Передняя пара остановилась, начинались фигуры, несложные, но разговору не способствующие. Что отвечать Урфриде на ее признания, маршал не представлял, и потому сосредоточился на танце и танцующих. Бонифаций не подводил, хотя в кальтарине напутать сложно. Сам Эмиль последний раз проходил королевской анфиладой чуть ли не на представлении наследника, но ноги помнили всё, а вот голова? Кто же в тот день танцевал с графом Лэкдеми? В Олларии всегда была уйма знатных, хорошо воспитанных дам, которых можно поменять местами и не заметить. Смена ритма, поворот… Кардинал с герцогиней уходят за спину, теперь перед глазами одна Урфрида. Кажется, она не договорила. Кажется, дочь Рудольфа стала чем-то напоминать Звезду Олларии, а может быть, она просто оживает?

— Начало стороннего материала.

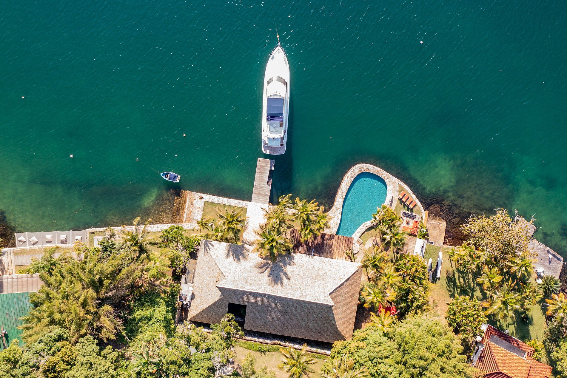 La isla cuenta con seguridad las 24 horas y una lancha rápida de 76 pies disponible para alquilar por R$ 13.750/día por un mínimo de 3 noches.
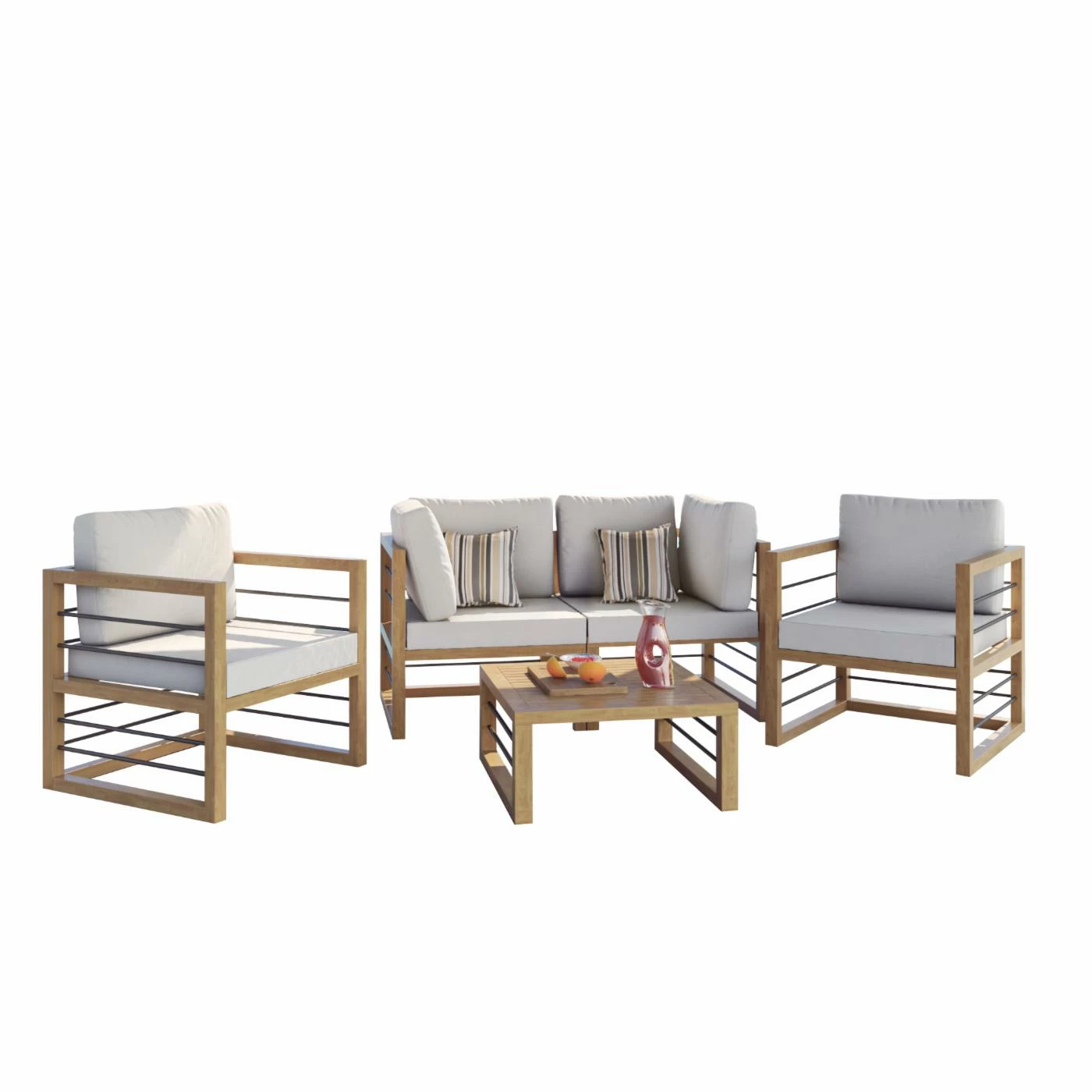 - Includes 2 chairs, 2 sofas & ottoman

– Сударыня, – рука вновь ложится в руку. Кальтарин по приказу Франциска танцуют без перчаток, – хочу пожелать вам того счастья, которое нужно именно вам.
– Это именно то пожелание, которое я хотела услышать. Каким братом вы бы мне были! Так странно: родиться на севере и найти понимание на юге!
– Возможно, вы для него и предназначены.
– Возможно…
Нежная певучая трель – Констанс со своим оркестром просто великолепен, а ночь, кажется, в самом деле становится праздничной. Пусть у Урфриды все образуется и она найдет себе южанина… Лучше всего марикьяре, моряков всегда влекли светлые волосы и благородство.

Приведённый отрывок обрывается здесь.